===== SUPPLIED INFORMATION =====

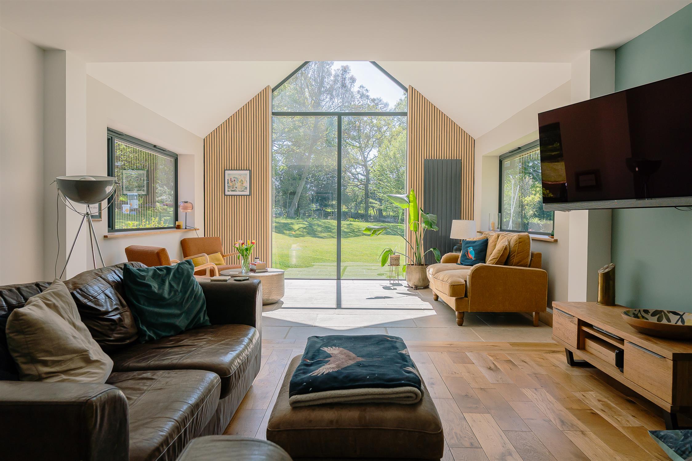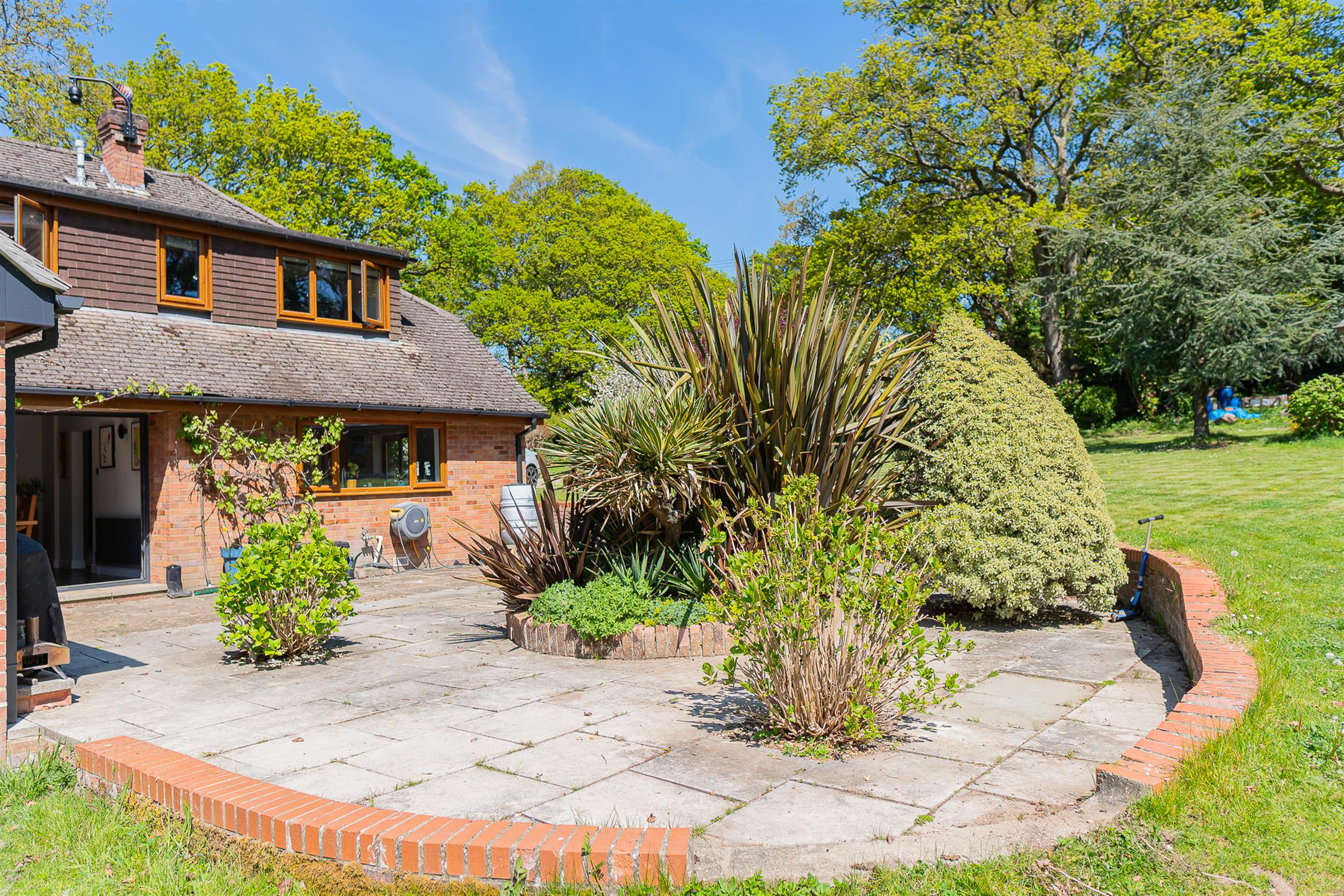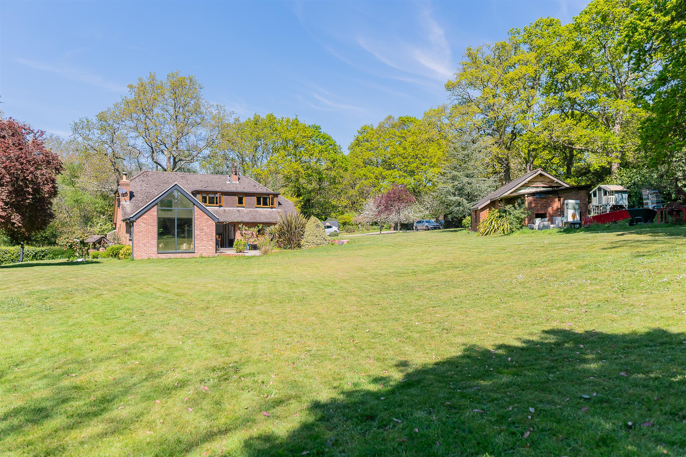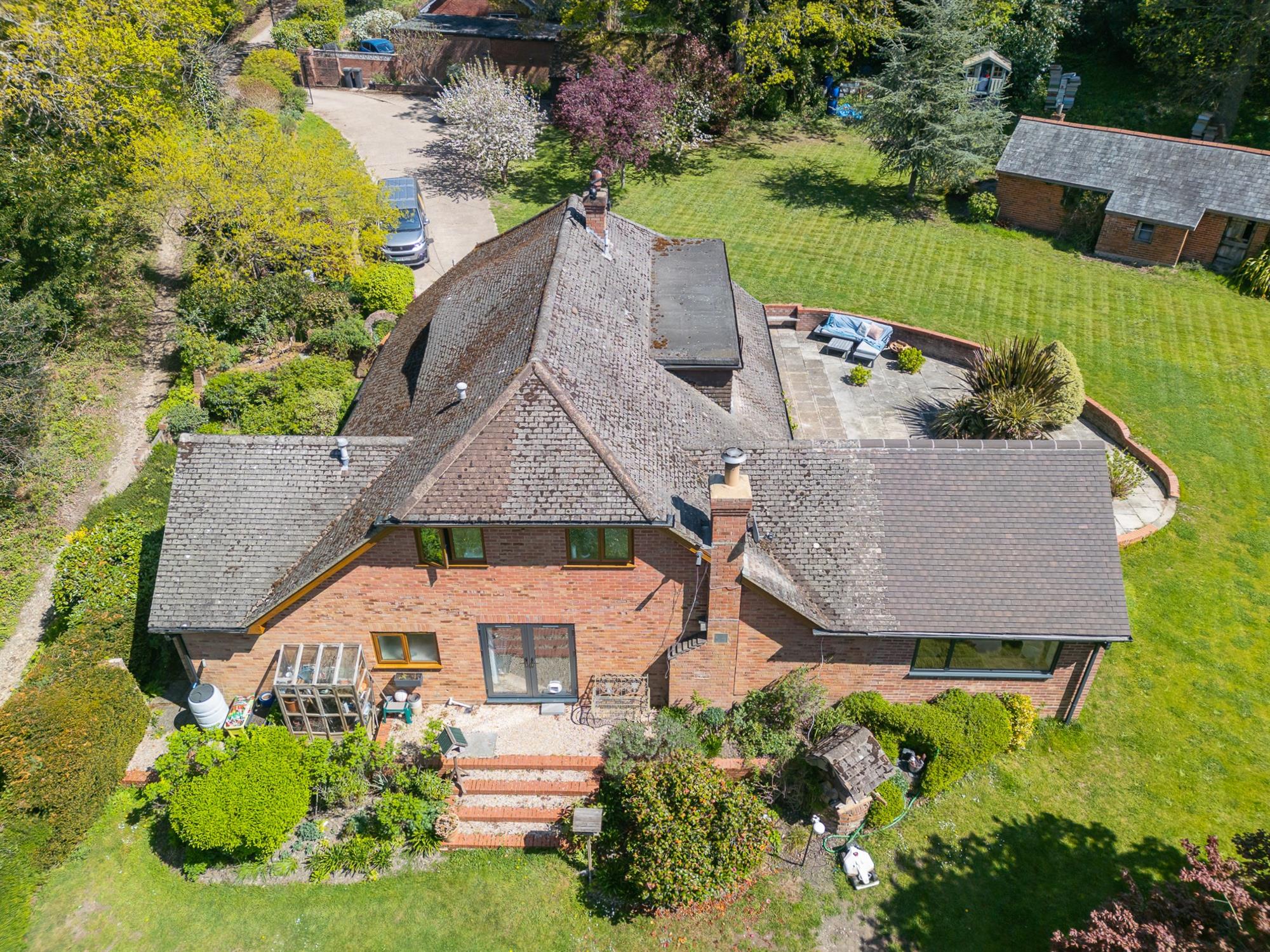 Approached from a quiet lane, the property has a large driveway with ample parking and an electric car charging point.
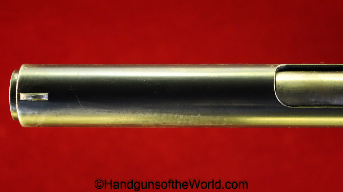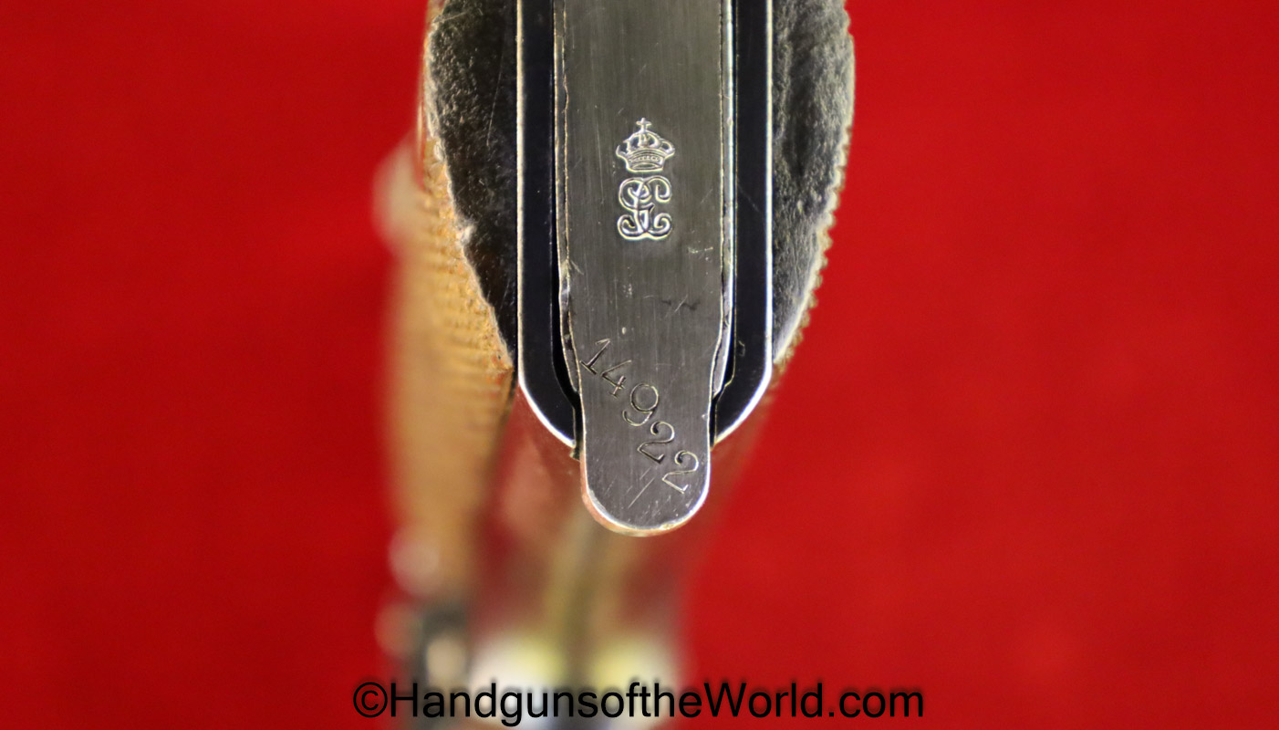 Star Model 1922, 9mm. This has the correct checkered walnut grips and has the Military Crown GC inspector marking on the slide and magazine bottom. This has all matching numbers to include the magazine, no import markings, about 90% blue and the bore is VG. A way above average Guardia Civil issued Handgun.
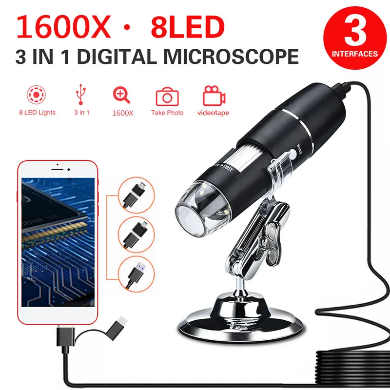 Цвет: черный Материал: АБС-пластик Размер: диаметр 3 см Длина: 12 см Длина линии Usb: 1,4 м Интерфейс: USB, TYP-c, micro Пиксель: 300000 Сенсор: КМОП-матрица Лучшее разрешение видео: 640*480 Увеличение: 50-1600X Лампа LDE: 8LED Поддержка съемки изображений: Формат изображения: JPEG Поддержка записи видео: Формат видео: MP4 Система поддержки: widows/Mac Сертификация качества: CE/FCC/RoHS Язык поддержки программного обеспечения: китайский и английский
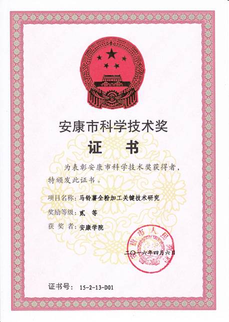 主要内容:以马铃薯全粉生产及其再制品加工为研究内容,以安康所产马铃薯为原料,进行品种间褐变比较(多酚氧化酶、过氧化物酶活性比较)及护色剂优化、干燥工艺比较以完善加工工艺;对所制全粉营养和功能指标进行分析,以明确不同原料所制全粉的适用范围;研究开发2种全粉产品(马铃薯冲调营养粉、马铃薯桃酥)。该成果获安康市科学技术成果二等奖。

=====

## WORK ORDER:
Your task is to return the lines above, from the first one up to and including the line containing "Star Model 1922, 9mm.", minus any pictures.

## WRITTEN RESPONSE:
 Approached from a quiet lane, the property has a large driveway with ample parking and an electric car charging point.
 Star Model 1922, 9mm. This has the correct checkered walnut grips and has the Military Crown GC inspector marking on the slide and magazine bottom. This has all matching numbers to include the magazine, no import markings, about 90% blue and the bore is VG. A way above average Guardia Civil issued Handgun.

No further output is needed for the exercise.